LME aluminium -1.3% to $US1836 a tonne

LME copper +0.2% to $US5942 a tonne

2-year yield: US 2.54% Australia 1.83%

5-year yield: US 2.53% Australia 1.98%

10-year yield: US 2.70% Australia 2.30% Germany 0.23%


US-Australia 10-year yield gap: 40 basis points

From Today’s Financial Review

Banks push APRA on $75b debt burden

Economic ‘storm clouds’ ahead, PM warns

The motley crew picking the 10 best-in-show super funds

United States

Trump border wall: US government shutdown fix a line in the sand for conservatives: Donald Trump is snookered over his signature promise to supporters and is now contemplating an extreme fix to end a near-record government shutdown and fund his border wall.

Wall Street dipped slightly on Friday, breaking a five-session rally, as energy shares declined and investors looked ahead to earnings season, which kicks off next week with Citigroup, JPMorgan and other big banks.


The S&P 500 on Friday ended down just 0.01 per cent after recovering from a loss of 0.7 per cent earlier in the session.

Citigroup, which will report earnings on Monday, rose 0.4 per cent after agreeing to give shareholder ValueAct Capital more access to its books and board of directors.

JPMorgan Chase & Co, which reports on Tuesday, declined 0.5 per cent.
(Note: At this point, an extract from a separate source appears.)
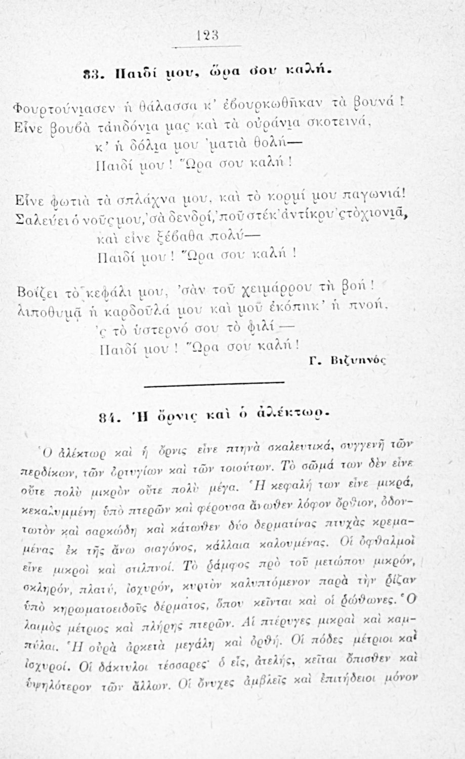 Σχολικό εγχειρίδιο Νέων Ελληνικών Γ΄ Γυμνασίου που περιλαμβάνει ποιήματα και πεζά Ελλήνων συγγραφέων και δημοτικά τραγούδια εμπνευσμένα από την ελληνική φύση και τη ζωή στην ύπαιθρο, την οικογενειακή και ...

Some bargain hunters are betting on a stronger 2019 for banks after the S&P 500 bank index fell 18.4 per cent in 2018.

Analysts expect S&P 500 companies’ earnings per share to grow by 6.4 per cent this year, compared with 23.5 per cent in 2018, when they were supercharged by newly enacted corporate tax cuts, according to IBES data from Refinitiv.
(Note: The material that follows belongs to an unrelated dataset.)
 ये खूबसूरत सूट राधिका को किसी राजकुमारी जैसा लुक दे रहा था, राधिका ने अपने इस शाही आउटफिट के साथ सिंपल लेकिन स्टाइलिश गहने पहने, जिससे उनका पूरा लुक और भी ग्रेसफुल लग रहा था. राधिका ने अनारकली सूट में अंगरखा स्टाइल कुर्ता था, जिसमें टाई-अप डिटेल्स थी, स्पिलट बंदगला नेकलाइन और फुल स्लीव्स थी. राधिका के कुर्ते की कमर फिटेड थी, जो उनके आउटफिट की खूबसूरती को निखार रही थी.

For the week, the S&P 500 rose 2.5 per cent, the Dow added 2.4 per cent and the Nasdaq picked up 3.4 per cent.

Netflix rose 4 per cent, bringing its gain in 2019 to 26 per cent, helped by analysts’ optimistic forecasts for subscriber growth ahead of its earnings this week.


European shares closed higher on Friday after hitting one-month highs as investor appetite for assets considered risky remained firm, despite caution over trade and ahead of earnings season.


The pan-European STOXX 600 ended 0.1 per cent higher on its fourth straight day in the black – its longest winning streak since November.

But Frankfurt, Paris and London all ended in negative territory.

China-sensitive autos and parts suppliers led the falls, down 1 per cent. Valeo dropped 6.4 per cent, the biggest faller on the CAC 40, while Continental and Volkswagen were among the biggest DAX decliners.

Still in the first full trading week of 2019, the STOXX 600 gained 1.7 per cent as investors regained their appetite for risk.

Equity funds drew inflows of $US6.2 billion, the biggest in 11 weeks, BAML said.


What Chinese consumers want: As a trade war with the United States threatens to upset decades of economic growth and with nationalism on the rise, tastes in the world’s biggest consumer market are changing fast.

Shares in Hong Kong ended higher on Friday on signs of progress in Sino-US trade negotiations and as US Federal Reserve Chairman Jerome Powell reiterated that the Fed would be patient about interest rate hikes.


At the close of trade, the Hang Seng index was 0.6 per cent higher at 26,667.27 points. The Hang Seng China Enterprises index rose 0.6 per cent to 10,454.95.

US Treasury Secretary Steven Mnuchin said Thursday that Chinese Vice Premier Liu He will “most likely” visit the US capital later in January for trade talks.

China’s main Shanghai Composite index closed up 0.7 per cent at 2553.83 points, while the blue-chip CSI300 index ended up 0.7 per cent.

Around the region, MSCI’s Asia ex-Japan stock index was firmer by 0.3 per cent, while Japan’s Nikkei index closed up 1 per cent.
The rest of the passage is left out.